So, we'll see if that ends up the case... I still think that some drunken clown will treat the reporter (my guess, Tom Rinaldi, so he can incorporate children, puppies, and crying- sometimes all at once in his post-rolling opus) much like some Rutgers kid did John Barr and his videographer...
((HT: ESPN))


But for what Updyke did, in not only crossing the line of being an Alabama fanatic but pole vaulting way-the-hell over it, he soured part of the history of the Ess-E-Cee.

Each school has it's own traditions...

If Georgia had found UGA murdered by a Florida fan, if someone had chased after Smokey in Knoxville and ended his life, poisoned Mike The Tiger's food at LSU... that's about as close as the Auburn community feels what went down. And it something that can't be erased, taken back, or made good in any way... ever...

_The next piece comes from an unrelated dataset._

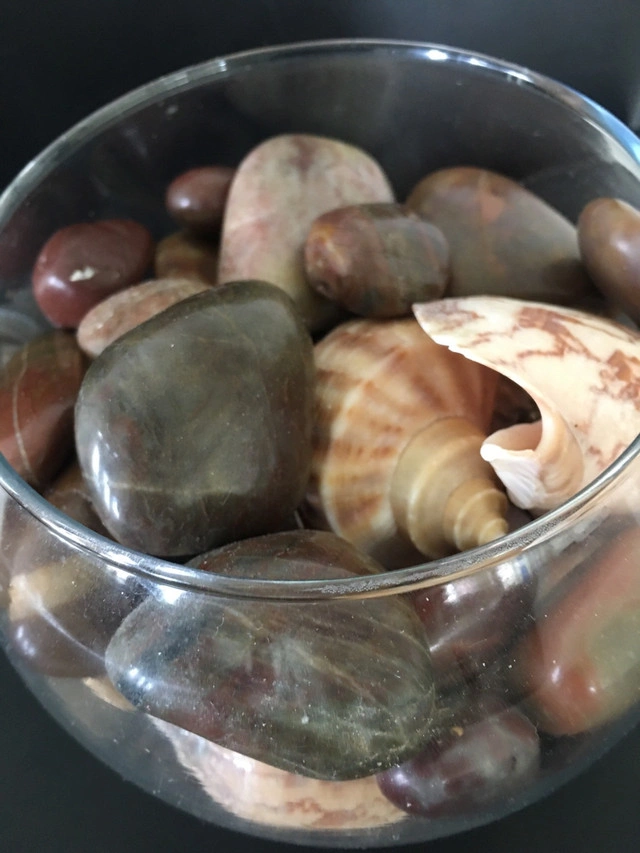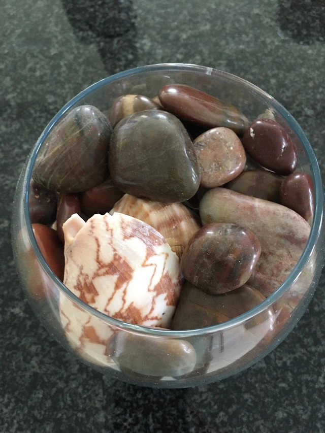 20Add a touch of zen to your space with these decorative rocks and seashells, perfect for any room. This unique collection sits in a clear glass bowl, ready to enhance your decor. Being a used item, it carries a certain charm and character, making it a delightful addition to your home. * Rocks: Various sizes and earth-tone colours * Seashells: Assorted shapes and sizes * Bowl: Clear glass Looking at similar decorative rock displays , a fair price for this charming arrangement is around $15. If the ad is up, it's still available! Don't miss out on these stones; they're just waiting to find their new home.
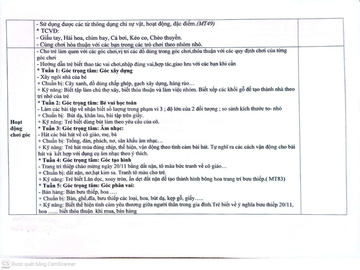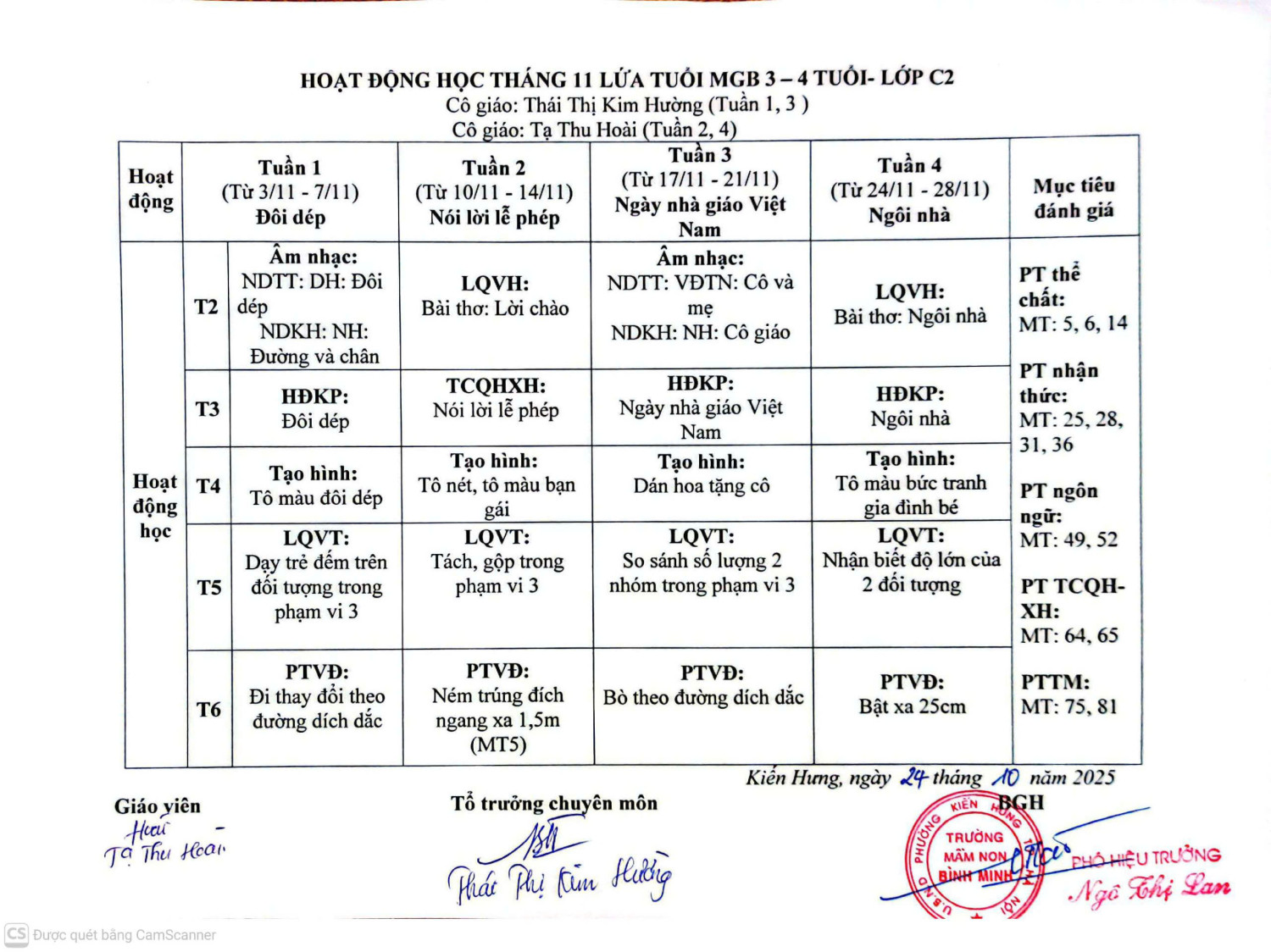 KHGD LỚP MGB C2 THÁNG 11

And while the Oaks were rolled for 76 years, generations of fans in the conference will have no idea about the history of the trees- except for the ending... a brutal, disgusting, classless act that has a bit of irony now...
The irony of Toomer's Oaks- still blooming

Because of all the horticultural steroids and treatment the Oaks have been given, they still bloom even as they are dying.

So, there are those who look at the trees and feel that moment of "Hey, wait... look at that... maybe..."

And, then, the wake-up call that it's time for them to go.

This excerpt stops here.